> Exercise prompt: Print the records below exactly, starting at the first line and stopping after the line that contains "It’s no secret". Leave out any pictures.

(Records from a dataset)
· · · · ·
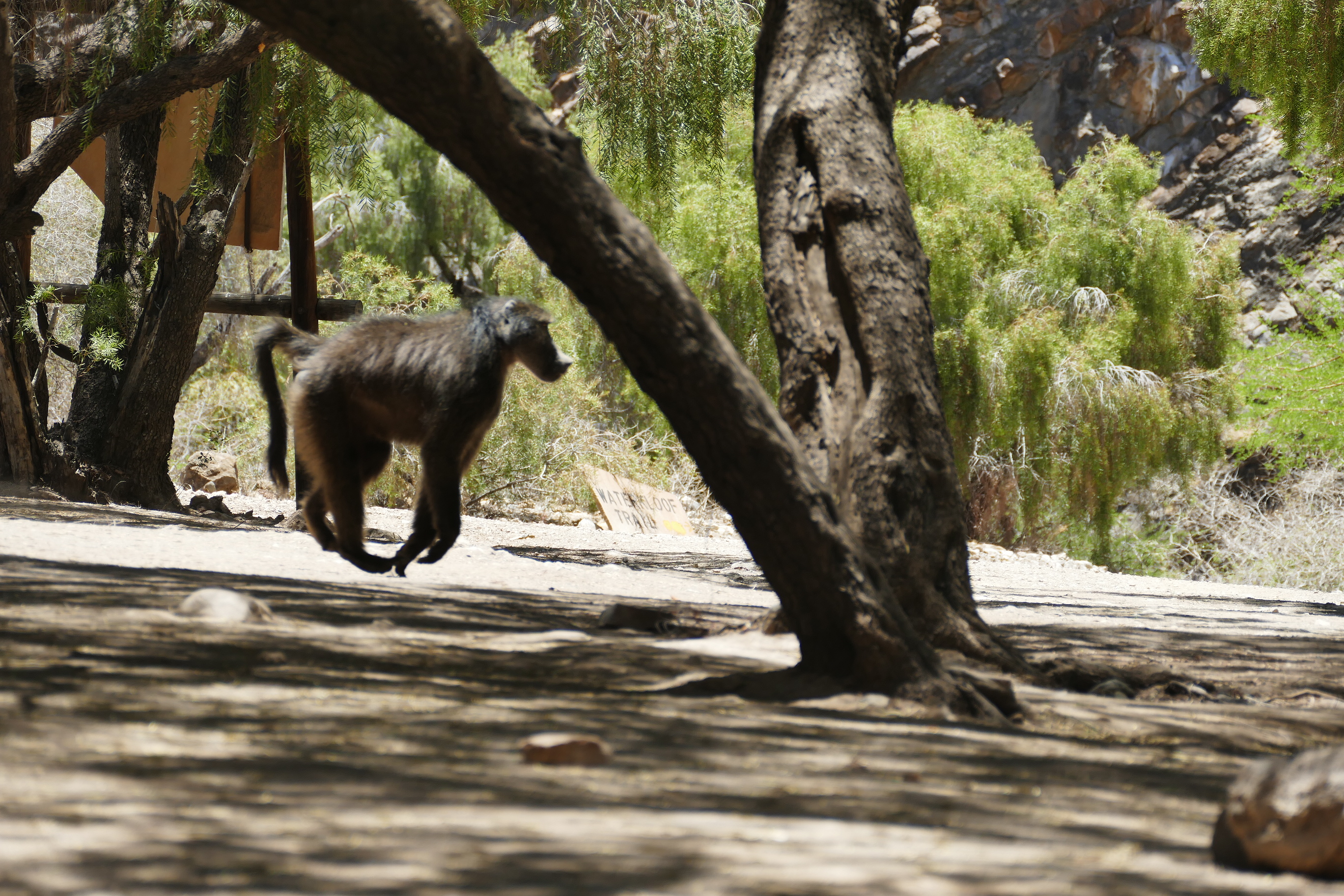 Baboons are curious animals and adapt quickly to humans, not shy to come close and always trying to steal anything they can get. They are strong and weaponed wit long, sharp teeth, but the normal reaction to us is flight. So that is what I expected when I got up and approached this guy, shouting on him and waving arms. But when I came around the tent, the big boy was not running away as I thought, but even approached me, baring his teeth and growling. Upsi … that didn’t go according to plan … I thought, screamed, turned around, and ran towards towards the safety of my camping companion in hope the baboon would not want to fight the two of us – what he luckily didn’t! My word, these baboons are vicious!
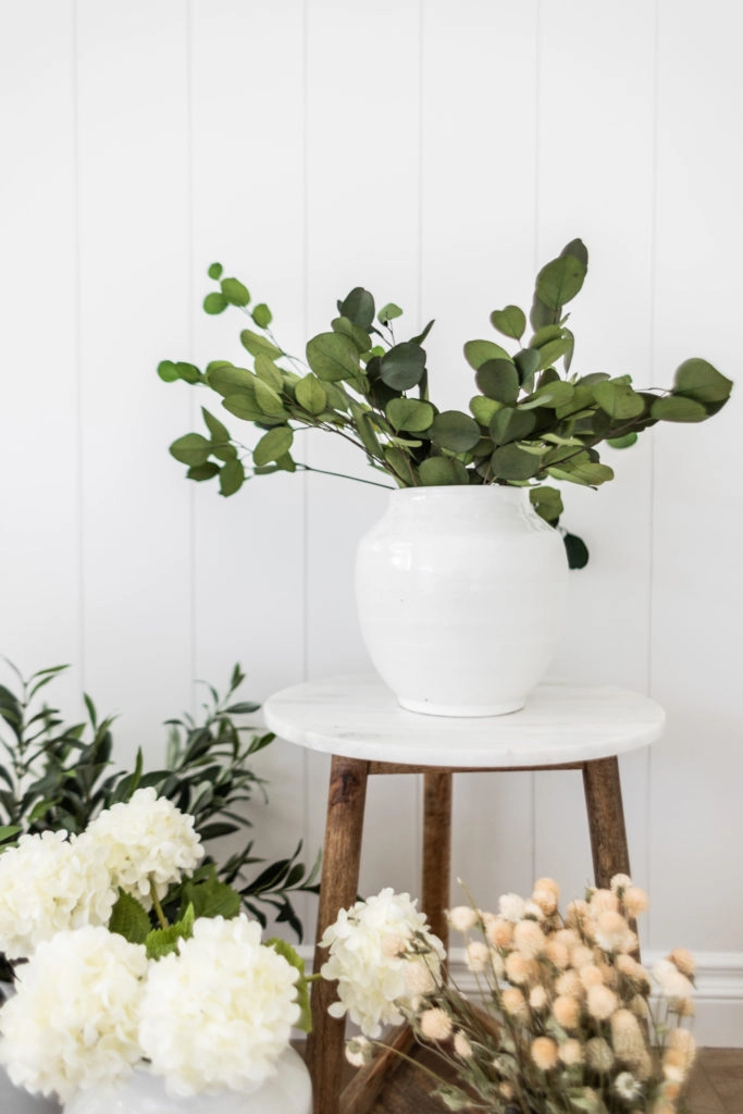 It’s no secret I’m a huge fan of fresh eucalyptus. I often use it in our main living areas and love the way it softens my designs by adding a bit of neutral color. One of my best design tips, though, is to use a mix of fresh and faux botanicals throughout your home. It’s a reasonable and cost effective way to keep every room in your home styled like a pro.
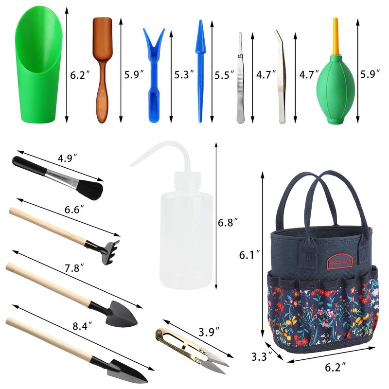 - MINI PLANTS CARE KIT: This kit features 13 essential gardening tools neatly organized in a storage bag with pockets. It includes a drip bottle, shovel, rake, spade, air blower, tweezers, scissors, and more—perfect for all your gardening needs
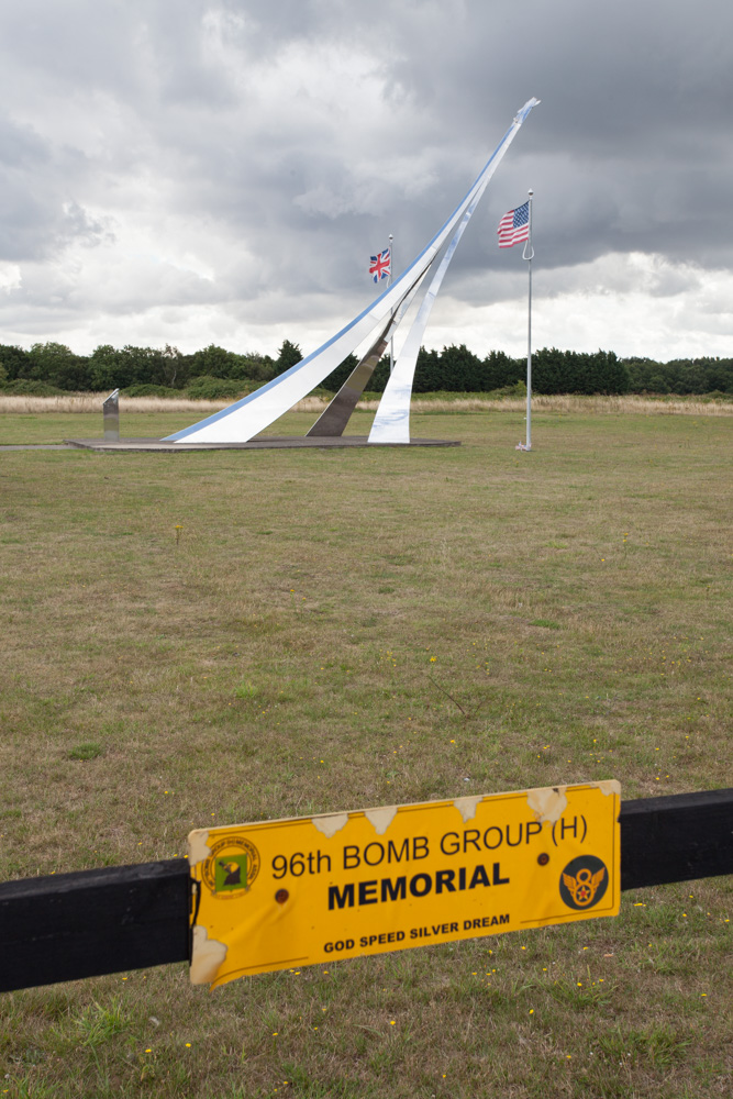 MonumentThe monument consists of four large silver triangular metal prongs that extend upward toward the sky to support a small model airplane. The prongs gradually become thinner are they extend. The monument rests on a concrete base that is connected to a sidewalk which leads from the road to the memorial. Behind the four prongs, there is a similar silver plaque that bears an English inscription honoring the 96th Bomb Group and its associated squadrons. The top of the plaque features the insignia of the squadrons as well as that of the 96th Bomb Group.
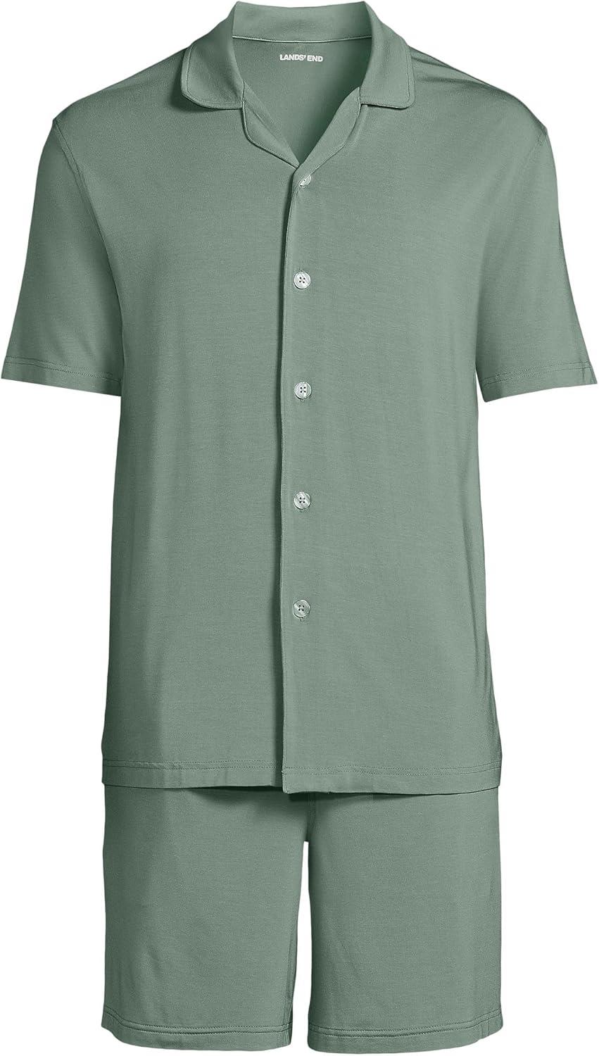 Lands’ End Men’s Short Sleeve Cooling Knit Short Set(Lily Pad Green)
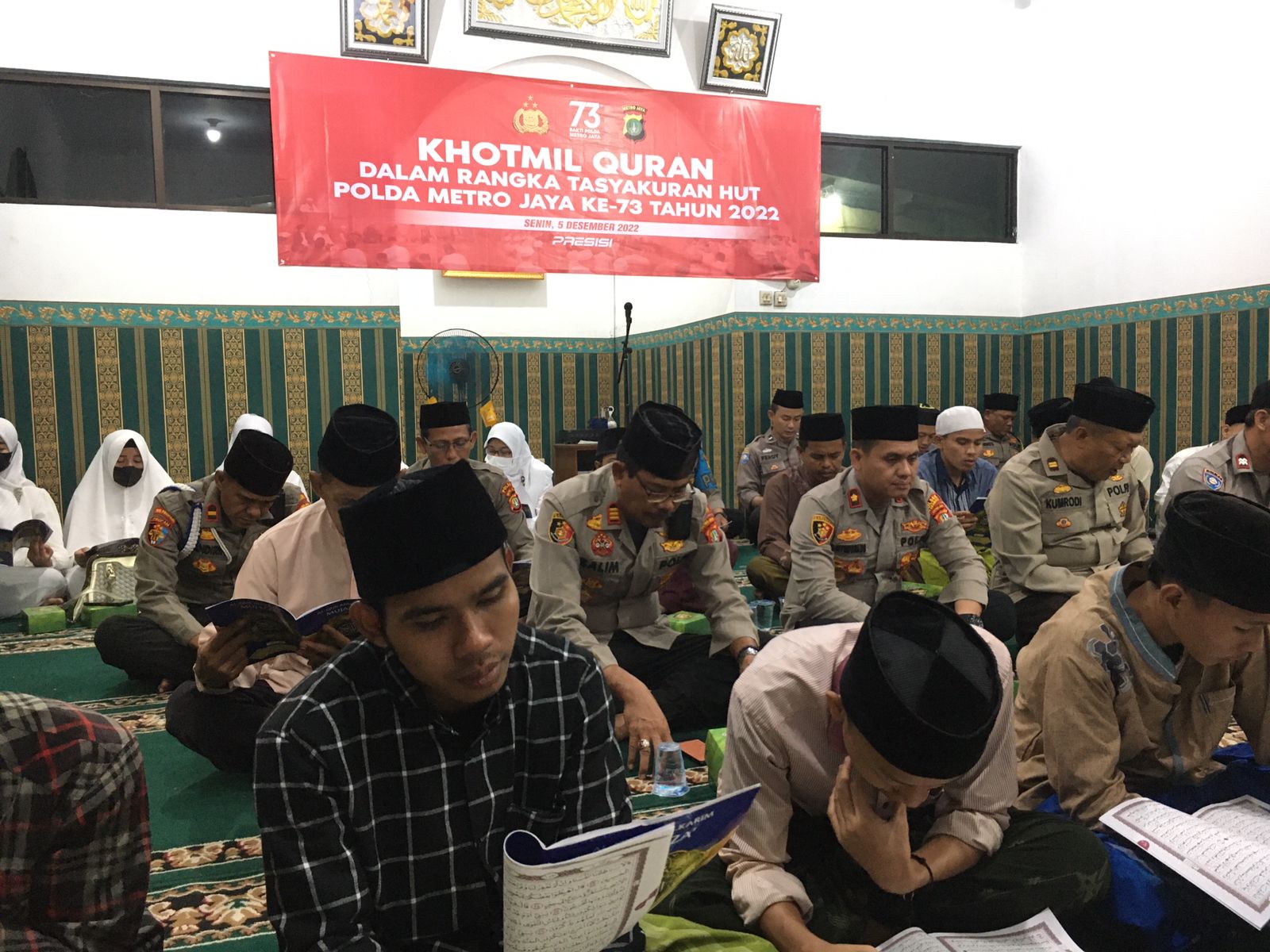 SINARGUNUNG.COM, KOTA TANGERANG | Dalam rangka tasyakuran peringatan Hari Ulang Tahun (HUT) Polda Metro Jaya (PMJ) yang ke-73 tahun, Polsek Karawaci menggelar Khotmil Quran secara serentak bersama santri dan anak yatim-piatu, di Musholla At’taqwa Kelurahan Cimone Kecamatan Karawaci Kota Tangerang, Senin (5/12/2022) malam.
· · · · ·
> Answer for the task:
 Baboons are curious animals and adapt quickly to humans, not shy to come close and always trying to steal anything they can get. They are strong and weaponed wit long, sharp teeth, but the normal reaction to us is flight. So that is what I expected when I got up and approached this guy, shouting on him and waving arms. But when I came around the tent, the big boy was not running away as I thought, but even approached me, baring his teeth and growling. Upsi … that didn’t go according to plan … I thought, screamed, turned around, and ran towards towards the safety of my camping companion in hope the baboon would not want to fight the two of us – what he luckily didn’t! My word, these baboons are vicious!
 It’s no secret I’m a huge fan of fresh eucalyptus. I often use it in our main living areas and love the way it softens my designs by adding a bit of neutral color. One of my best design tips, though, is to use a mix of fresh and faux botanicals throughout your home. It’s a reasonable and cost effective way to keep every room in your home styled like a pro.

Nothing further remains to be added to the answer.